Thursday, December 13, 2007

Obadiah (1)

It's been a great three days spending time with this prophet. The shortest book in the Old Testament is certainly not short on meat. The book seems to split up nicely into three bits, one long and two short, so these thoughts will break up into two over the next couple of days. This one on 'who are God's enemies?' and tomorrows on 'who are God's friends?' and 'who is God?'. A lot of these ideas come from Mark Dever's excellent sermon on the book. Read me.

Does God have enemies? I guess it depends who you ask. The Muslim fundamentalist would probably say America, the extreme Hindu might say Muslims and Christians, the atheist student might say Christians...but what would we say. Surely we think the idea of God having enemies is outdated...God is good, God is love. It's human to hate...but divine? The idea seems ridiculous to our sanitised western religion.

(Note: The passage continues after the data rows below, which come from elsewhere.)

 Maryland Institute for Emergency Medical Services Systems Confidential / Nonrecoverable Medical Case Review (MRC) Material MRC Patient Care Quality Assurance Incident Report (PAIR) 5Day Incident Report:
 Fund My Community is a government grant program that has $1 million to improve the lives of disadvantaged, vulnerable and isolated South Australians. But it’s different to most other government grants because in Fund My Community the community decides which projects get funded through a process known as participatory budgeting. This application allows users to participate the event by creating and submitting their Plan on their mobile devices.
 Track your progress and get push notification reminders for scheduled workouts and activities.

But how would we find out for sure? And what's it like to have an almighty enemy? Having a persistent human enemy is bad enough, but an almighty One? No thank you. What's Obadiah's point of view? Well we see from verse three that the proud are God's enemies. Jerusalem had fallen to Babylon in 587BC and their near neighbours to the south east had done nothing to help. In fact as we'll see later they'd done worse than nothing. Obadiah is clear as to where his message comes from in verse 1, the sovereign almighty God. He is stirring war against Edom from Babylon, Edom will be made small (v2).

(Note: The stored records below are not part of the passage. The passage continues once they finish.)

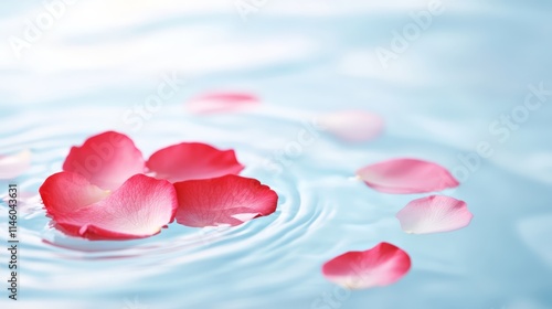 Pink and Red Rose Petals Floating on Tranquil Water with Soft Bokeh Background
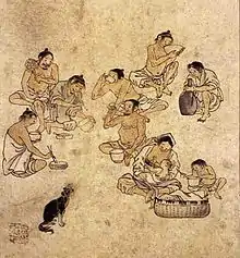Danwon pungsokdo cheop is an album of genre painting (pungsokhwa or pungsokdo) drawn by Kim Hong-do during the late Joseon dynasty. It was named after Kim's pen name, Danwon and comprises the 25 paintings in total. The album is painted with light watercolor on hanji (한지 Korean paper). Each painting depicts vividly common people's daily life in the Joseon period.
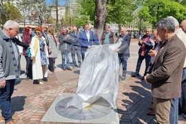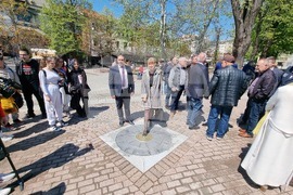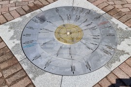 Хасково (21 април 2023) Инсталацията "Километър нула - Хасково" бе открита в градинката до сградата на общината в Хасково. Мястото е точната геодезична точка на пресичането на диагоналите от четирите страни на южния областен център. Идеята е на местния Ротари клуб Аида, чийто президент Драгомир Андонов откри инсталацията с кмета Станислав Дечев. Снимка: Николай Грудев/БТА (ЕД)
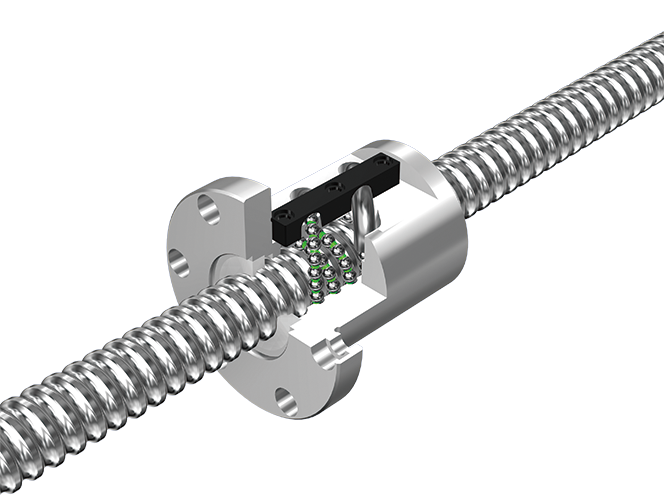符合 DIN 标准的滚珠丝杠中,承受载荷的滚珠在丝杠轴和螺母之间的滚动面切割中滚动,同时承受轴向载荷,沿着嵌入到螺母内的回珠器的凹槽移动至相邻的滚动面,然后循环返回到载荷区域。因此,滚珠会进行无限循环的滚动运动。

Why was Edom such a proud place? It's hinted at in verse three and four. They dwelt 'in the cleft of a rock', literally Edom was a high mountainous place, hard to get into or out of, and it seems they had all their security in that. They had no awareness of God. In fact times were good. Judah's fall had eliminated their local trade rival, and all they were surely secure from the same fate that had befallen Judah, secure as they were in their high rocky kingdom. Edom's pride had deceived them (v3) they were about to learn that security apart from the LORD is no security at all. God will bring them down, He is neither impressed nor put off by their strategic position (v4) Edom on their deceptive pride had not given a single thought to the King of the nations.

Nothing can save Edom from complete ruin. Thieves only take what they want, grape gatherers leave gleanings (v5) but Edom will be torn apart. (v6) Any nation anywhere at any time that put its security in defence, or economics or isolation will not escape judgement. Anyone in any place at any time who puts his trust in something other than the LORD will not escape judgement. We need to be more aware of this than anyone...what is the way of Christ? Surely humility.

But what had Edom done? In answering this question we in some ways push further into the mind of God than we can grasp. God used Babylon to judge Judah for their faithlessness, and then judged Edom using Babylon for essentially not helping Judah...then judged Babylon for what it did to Judah. Until we grasp the power and goodness or our God who is outside time, we will struggle with this.

Verse 10 says it was because of the violence done to 'your brother Jacob' Edom will be judged. Obadiah was an effective user of history and language. Edom was not an impassive passer-by when this happened to Judah...Edom is his brother. Edom is Esau (v6,9,18) Judah is Jacob. Edoms crime looks much much worse now. In verse 11 we see they 'stood aloof' on the day when Judah was pillaged, they cast lots for Jerusalem at her gates. Judah's own kin, with all their shared history stood and watched as people gambled for his city! God loves justice, Edom will be humbled for their actions. Neither the wise nor the strong can save Edom from the Babylonian onslaught. Note the warning that the allies that Edom trusted in are the same ones who will now destroy her. Not only do we see Edom watching passively in Jerusalem's overthrow, but they cut down those who fled. The few who escaped and braved the mountain pass to seek help from their brothers were cut down. Those who were found alive were turned over to their terrorisers. Some believe that the language is so brutal here because some of Obadiah's relatives were among this number. It's certainly not impossible. Edom acted worse than the thieves and grape robbers, and this towards their own brother. This towards, as we'll see next time, people who were in fact, God's friends.

so what can we learn from the first 13 verses of this book? Firstly that God opposed the proud. In fact He hates them. He will destroy every lofty perch and starry nest. All those who do no consider Him worthy of a thought will fall before Him. Taking security in anything and anywhere other than in God in Jesus Christ is suicide. These things needn't always be bad in themselves, be they relationships or possessions or a job, but we turn them into idols and justly invoke God's pure anger against us for it. And third, God's enemies are the enemies of God's people. While Christians pray for their leaders often their leaders ordain their persecution. This God hates, as we see here, those who do not aid Christians in their plight, those who participate in the killing and persecution of Christians are, among everyone else, the enemies of God.